Try "www1" if this URL fails for you.

> I'm sure there are some better database parameters I should use so
> please let me know what to try. ;)  What I've found interesting is the
> difference in the time it takes for Q9 to run in the power test than the
> throughput test:
> 
>          Power Test 00:56:27
> Throughput Stream 1 00:38:13
> Throughput Stream 2 00:41:33
> Throughput Stream 3 00:20:16
> Throughput Stream 4 00:18:11
> 
> Diffing the query plans between the Power Test and the individual
> streams in the Throughput Test, I only see a Materialize and Seq Scan on
> the nation table versus just a Seq Scan on the nation table between two
> of the plans.  But this doesn't appear to account for the execution time
> difference as the query with the same plan executes just as fast during
> the Throughput Test.  Here are the plans in full:

Very interesting. Excellent work on the test results.

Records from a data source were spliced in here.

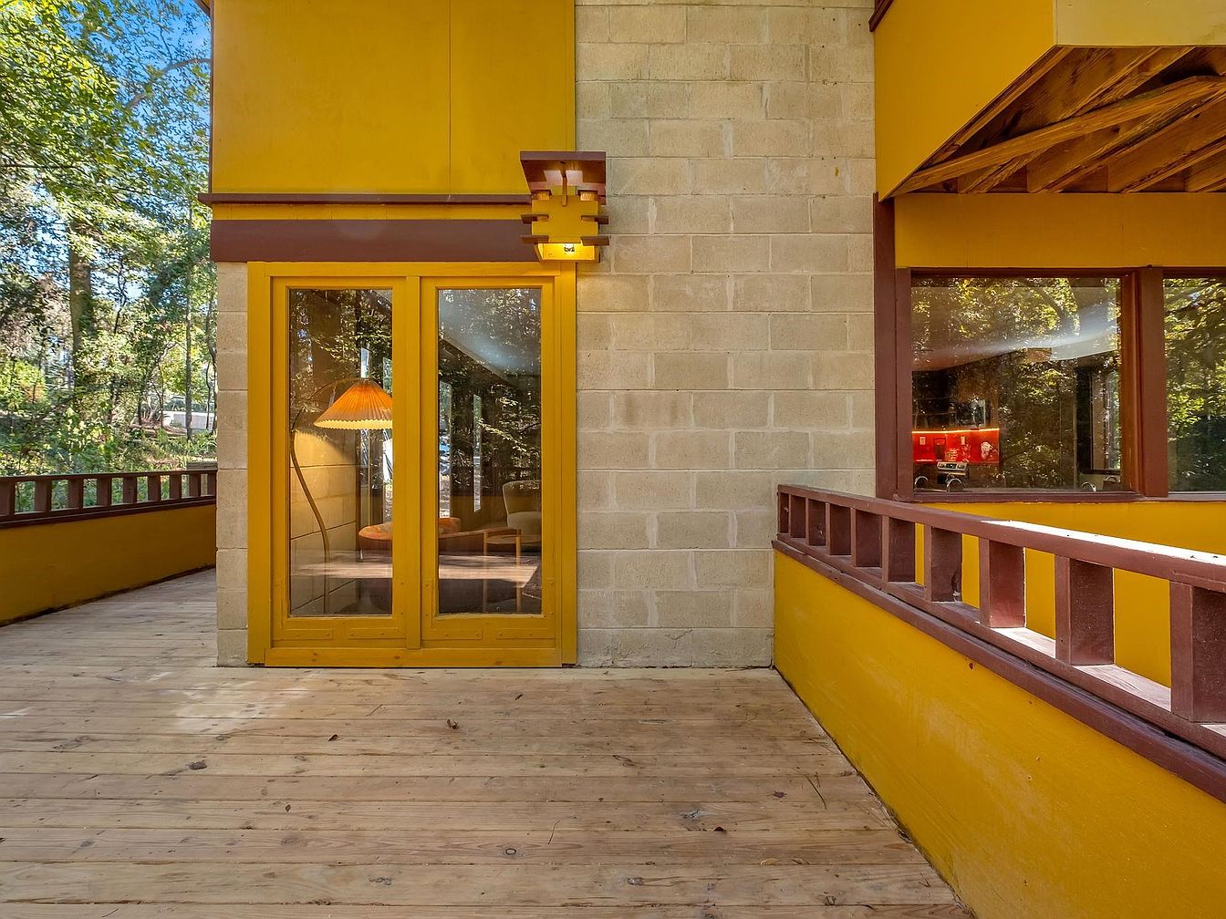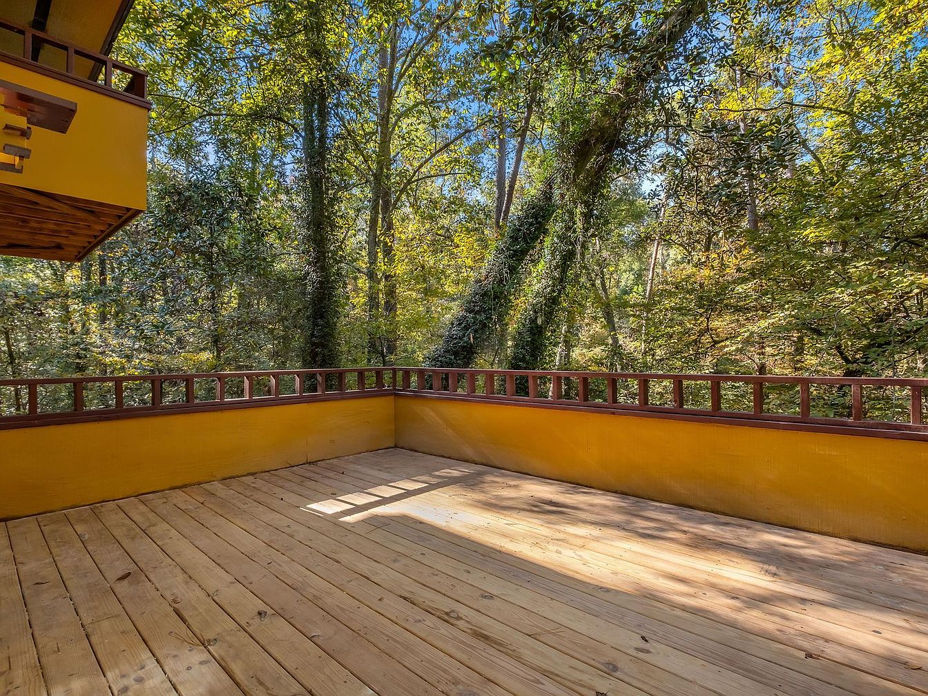 This inviting outdoor deck seamlessly blends with nature, providing an ideal retreat for relaxation and family gatherings. The expanse of natural wood flooring showcases a warm aesthetic, inviting barefoot strolls under the sun. Vibrant yellow walls enhance the cheerful atmosphere, contrasting beautifully with the lush greens surrounding the space. A low wooden railing offers safety while maintaining unobstructed views of the serene forest, making it a perfect spot for enjoying morning coffee or evening stargazing. Its open layout lends itself to creative furnishing options, from cozy seating arrangements to dining setups, accommodating all your entertaining needs.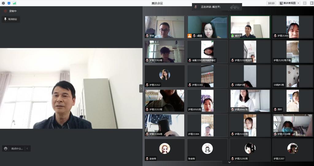 本站讯(护理学院 李学坤 张越)为进一步做好疫情防控期间线上教学工作,及时掌握和解决学生在线上学习过程中的情况和问题,提升线上教学质量,护理学院于5月14日下午组织召开线上教学质量学习委员座谈会。护理学院院长熊杰平、副院长李学坤、教务科全体成员、各教研室主任以及各个班学习委员参加了会议,会议由李学坤主持。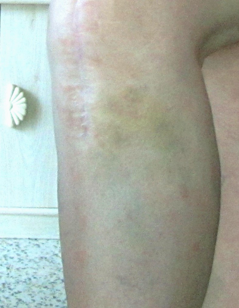 C’est mon hurlement de douleur qui a fait réagir la conductrice qui dit ne pas m’avoir vue. Elle a avancé et stoppé son véhicule puis est descendue me voir ainsi que sa passagère. J’étais encore debout, plaquée contre ma portière arrière et tremblant de tout mon corps et me tenant la poitrine coté gauche.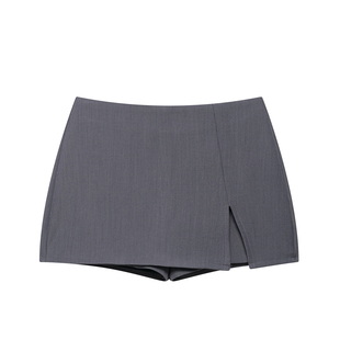 加厚高腰设计显瘦宽松半身裙裤 新款 2025年秋冬季 灰色百搭毛呢裙裤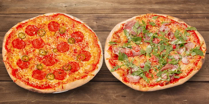 - Prosciutto e Rucola (tomatové sugo, mozzarella, prosciutto crudo, rukola, parmezán, cherry rajčátka)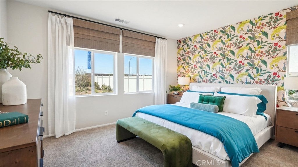 New Construction - This 1,576-square foot single-story home with [3] bedrooms and [2] full bathrooms. The exterior of the home is a California Spanish façade with a large back yard. The eat in kitchen island has Bianco Tiza QUARTZ counters, built-in stainless-steel appliances and a pantry closet. The interior comes complete with Crisp White shaker-style cabinetry throughout, lots of included recessed lighting, and upgraded flooring with plush carpet in bedrooms, closets, and stairs, and vinyl in main living areas. The primary bedroom has an ensuite bathroom with double sinks and a walk-in closet, and there are 2 additional bedrooms, a full bathroom, and laundry room. There is also a direct-access 2-car garage PRE-PLUMBED for an electric car! This truly modern home has all the Smart Home features you would expect and is landscaped and irrigated in the front yard. The Juniper community is situated close to park and freeway access. We anticipate a December move-in, This Home has Solar Included in the Price of the Home !

Initial reaction was shock, but: most of these plans use nested joins,
so there's lots of shared_buffers work going on. It feels like this
would allow the queries to share a certain percentage of blocks and
allow the multiple backends to parallelise the I/O, which in the Power
test would all be single streamed.

Difference in plans? Well, they are actually all different queries, just
very similar. I note that the number of rows retrieved by the Power Test
query actually had the fewest number of rows of any query, so the time
difference might well have been much greater.

I'll look more into the plan differences.